• Data for this task:
== Segment start ==

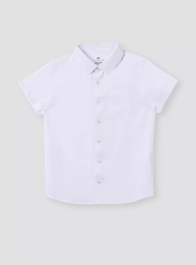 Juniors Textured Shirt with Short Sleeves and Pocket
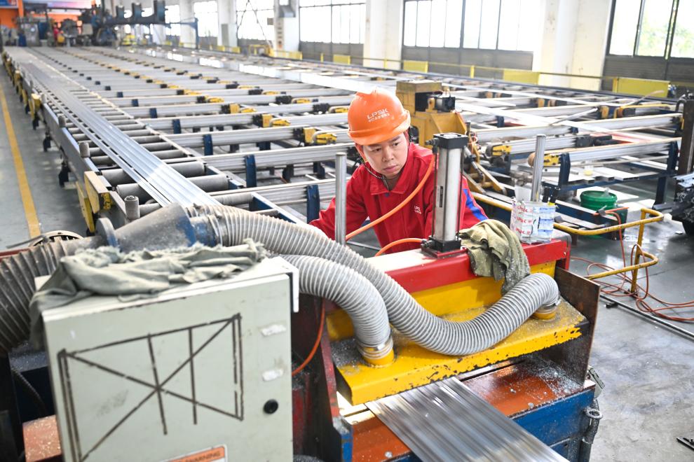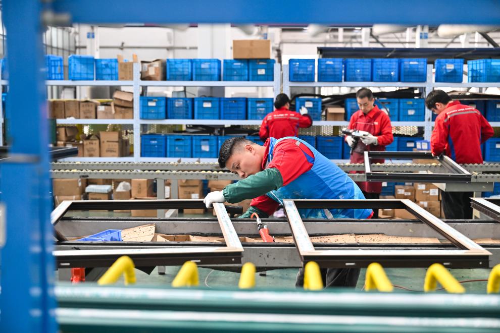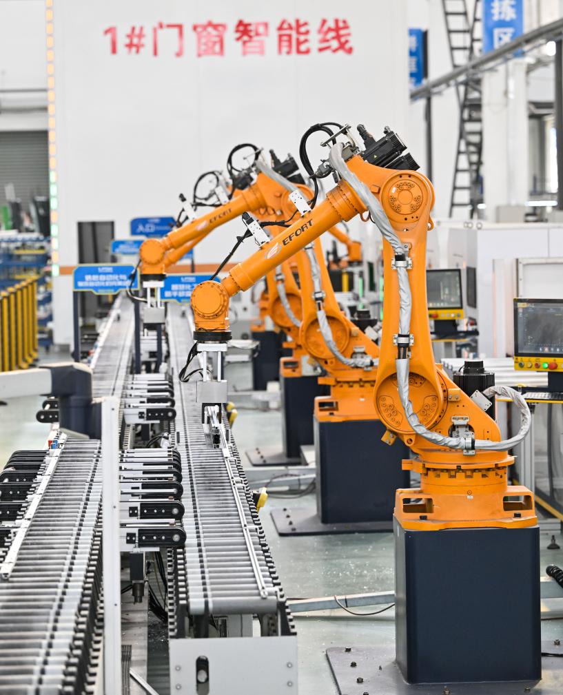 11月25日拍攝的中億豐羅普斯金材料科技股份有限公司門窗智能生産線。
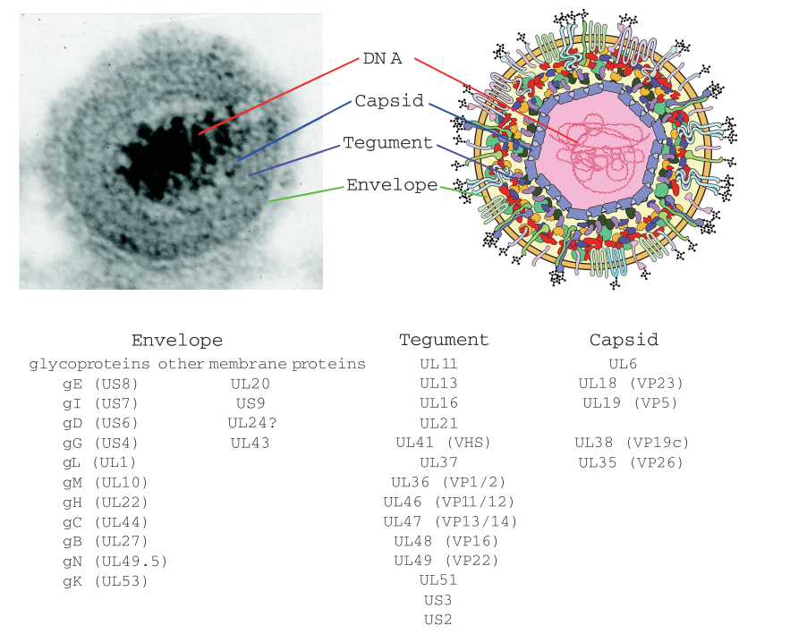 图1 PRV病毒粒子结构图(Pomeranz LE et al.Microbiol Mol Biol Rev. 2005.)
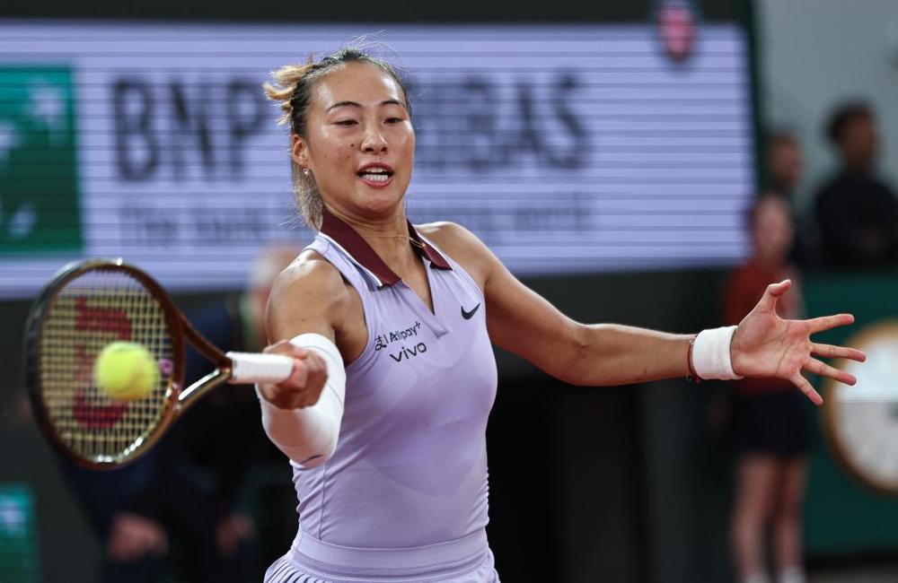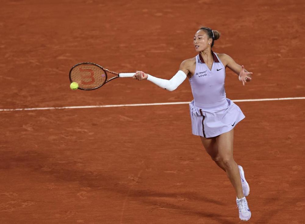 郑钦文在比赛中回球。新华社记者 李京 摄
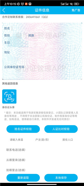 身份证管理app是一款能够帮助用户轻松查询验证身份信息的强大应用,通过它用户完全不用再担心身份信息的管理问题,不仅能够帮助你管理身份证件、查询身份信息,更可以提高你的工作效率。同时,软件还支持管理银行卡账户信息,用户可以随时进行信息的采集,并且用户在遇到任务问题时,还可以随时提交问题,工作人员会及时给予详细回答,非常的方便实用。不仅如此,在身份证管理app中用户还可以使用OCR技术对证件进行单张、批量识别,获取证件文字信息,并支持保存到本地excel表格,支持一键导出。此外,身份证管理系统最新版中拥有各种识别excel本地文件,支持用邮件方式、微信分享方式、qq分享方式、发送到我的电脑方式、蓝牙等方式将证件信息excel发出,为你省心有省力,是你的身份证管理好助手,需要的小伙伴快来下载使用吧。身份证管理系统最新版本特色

== Segment end ==
== Segment start ==

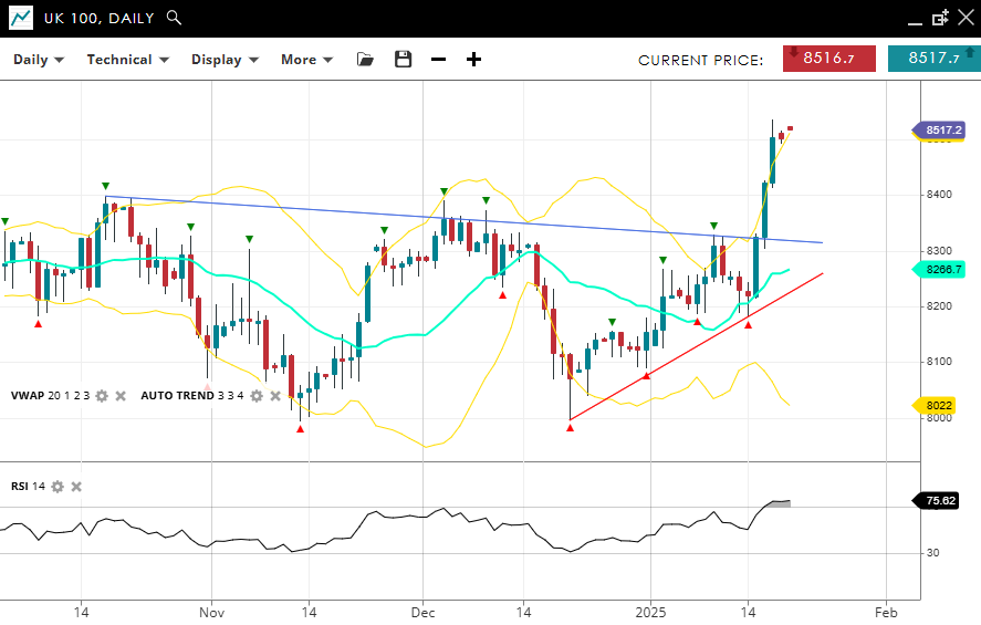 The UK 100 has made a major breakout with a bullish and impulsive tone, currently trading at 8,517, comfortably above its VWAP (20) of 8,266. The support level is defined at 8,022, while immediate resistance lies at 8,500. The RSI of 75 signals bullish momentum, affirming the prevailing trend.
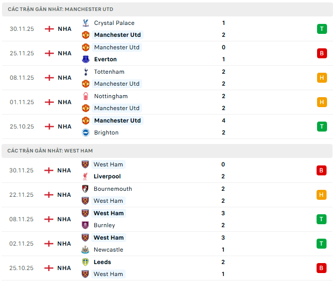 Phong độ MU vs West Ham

== Segment end ==
== Segment start ==

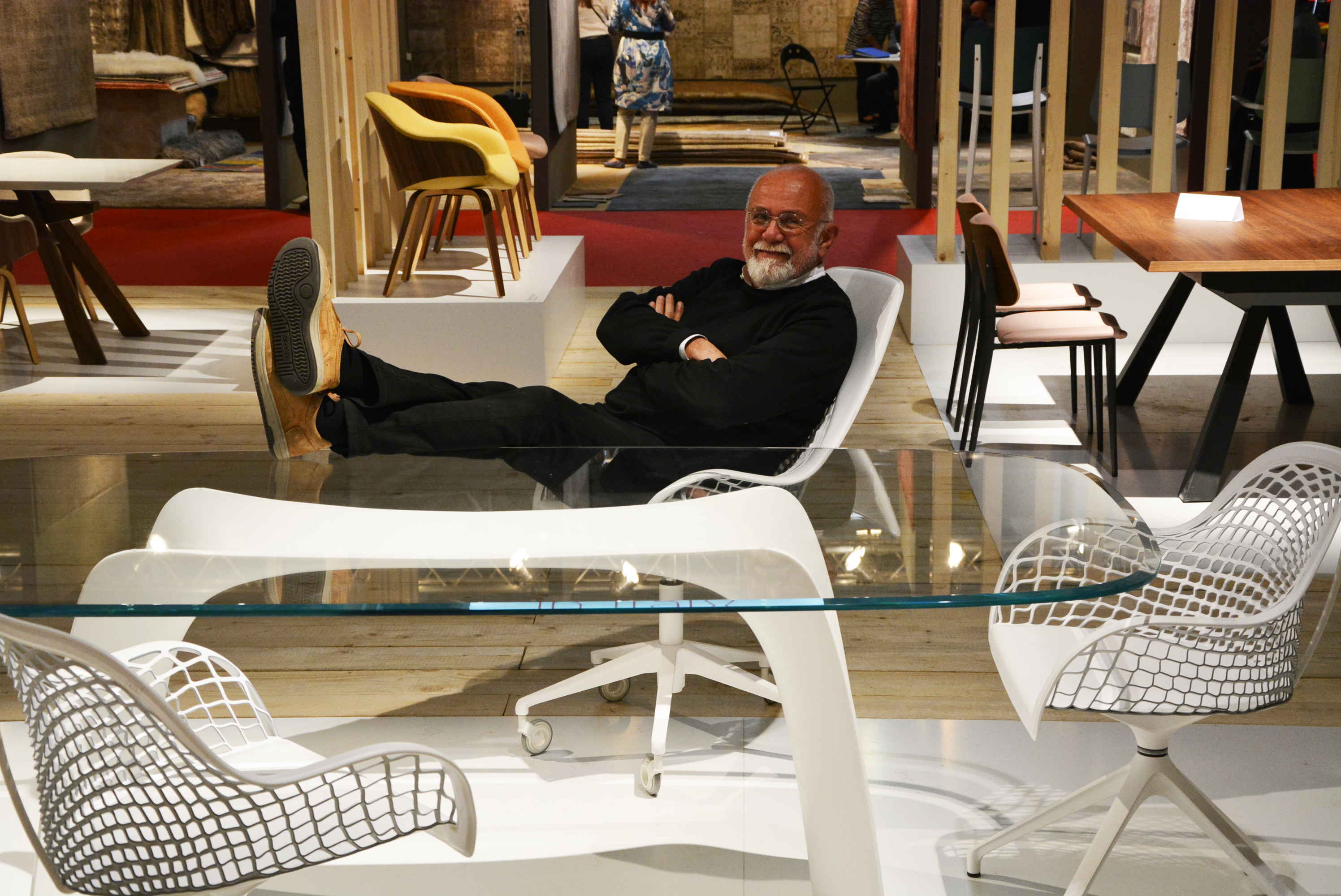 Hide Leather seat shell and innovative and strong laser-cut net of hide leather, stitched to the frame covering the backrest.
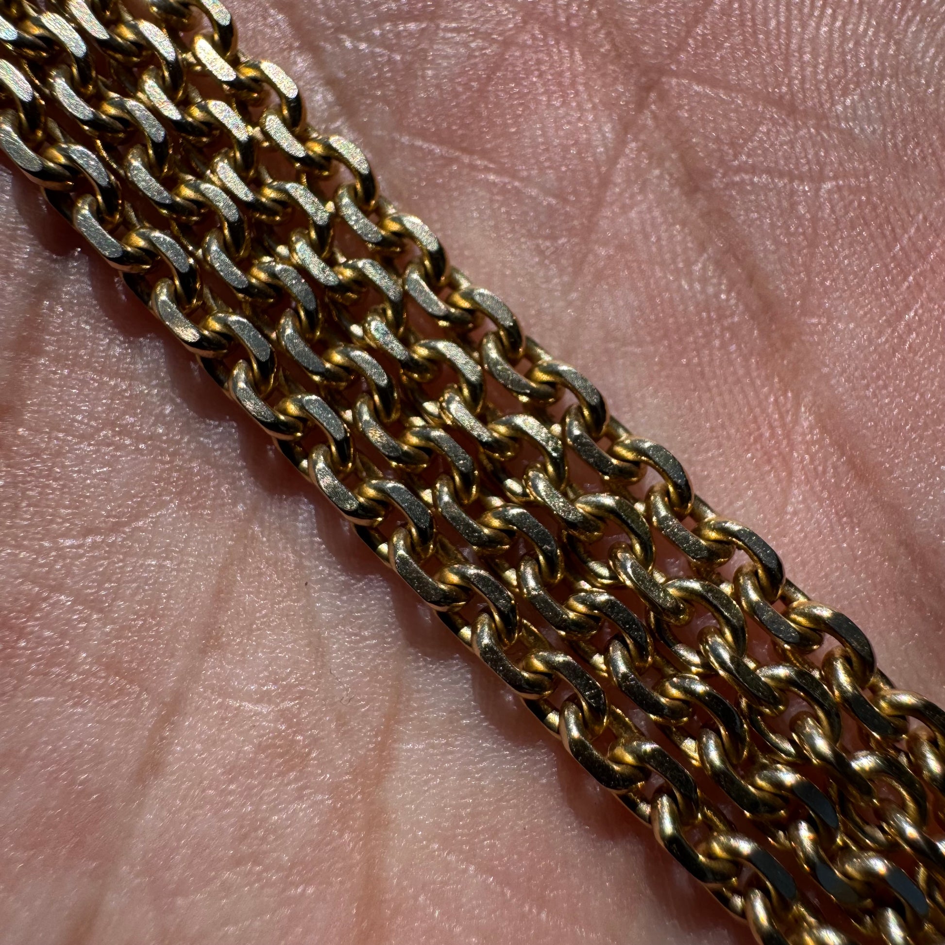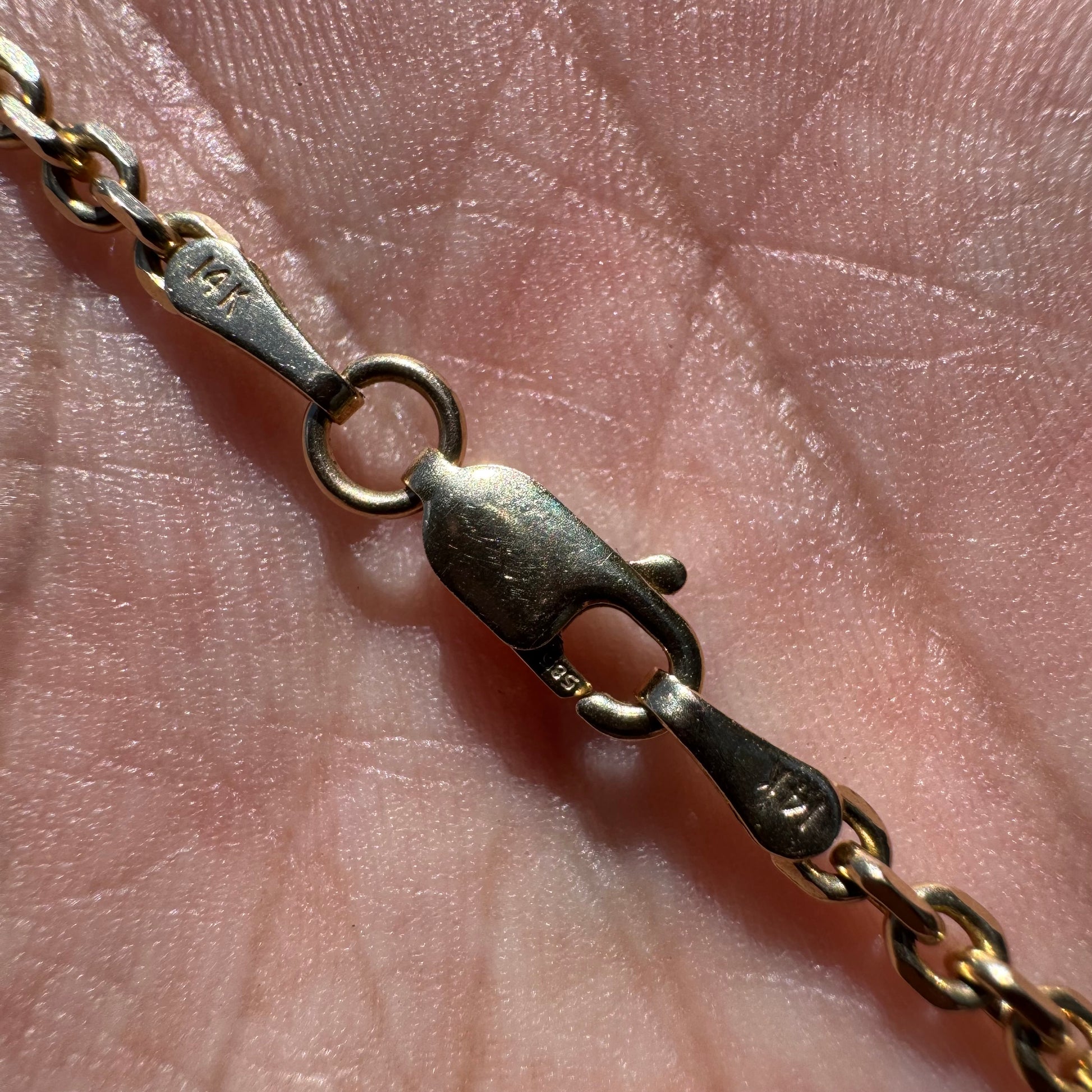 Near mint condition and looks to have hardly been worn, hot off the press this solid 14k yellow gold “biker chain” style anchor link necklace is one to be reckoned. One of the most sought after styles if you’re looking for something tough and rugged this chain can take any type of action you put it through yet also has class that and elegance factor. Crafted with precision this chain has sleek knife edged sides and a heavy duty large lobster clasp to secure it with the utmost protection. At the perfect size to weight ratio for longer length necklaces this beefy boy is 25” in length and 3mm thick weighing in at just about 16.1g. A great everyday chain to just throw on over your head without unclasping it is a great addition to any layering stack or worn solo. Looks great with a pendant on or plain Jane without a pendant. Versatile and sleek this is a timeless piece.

== Segment end ==

• What is required: Print nothing except the lines above from the one containing "Juniors Textured Shirt" down to the one containing "身份证管理app是一款能够帮", both included, exactly as written and free of pictures.

• Expected answer:
 Juniors Textured Shirt with Short Sleeves and Pocket
 11月25日拍攝的中億豐羅普斯金材料科技股份有限公司門窗智能生産線。
 图1 PRV病毒粒子结构图(Pomeranz LE et al.Microbiol Mol Biol Rev. 2005.)
 郑钦文在比赛中回球。新华社记者 李京 摄
 身份证管理app是一款能够帮助用户轻松查询验证身份信息的强大应用,通过它用户完全不用再担心身份信息的管理问题,不仅能够帮助你管理身份证件、查询身份信息,更可以提高你的工作效率。同时,软件还支持管理银行卡账户信息,用户可以随时进行信息的采集,并且用户在遇到任务问题时,还可以随时提交问题,工作人员会及时给予详细回答,非常的方便实用。不仅如此,在身份证管理app中用户还可以使用OCR技术对证件进行单张、批量识别,获取证件文字信息,并支持保存到本地excel表格,支持一键导出。此外,身份证管理系统最新版中拥有各种识别excel本地文件,支持用邮件方式、微信分享方式、qq分享方式、发送到我的电脑方式、蓝牙等方式将证件信息excel发出,为你省心有省力,是你的身份证管理好助手,需要的小伙伴快来下载使用吧。身份证管理系统最新版本特色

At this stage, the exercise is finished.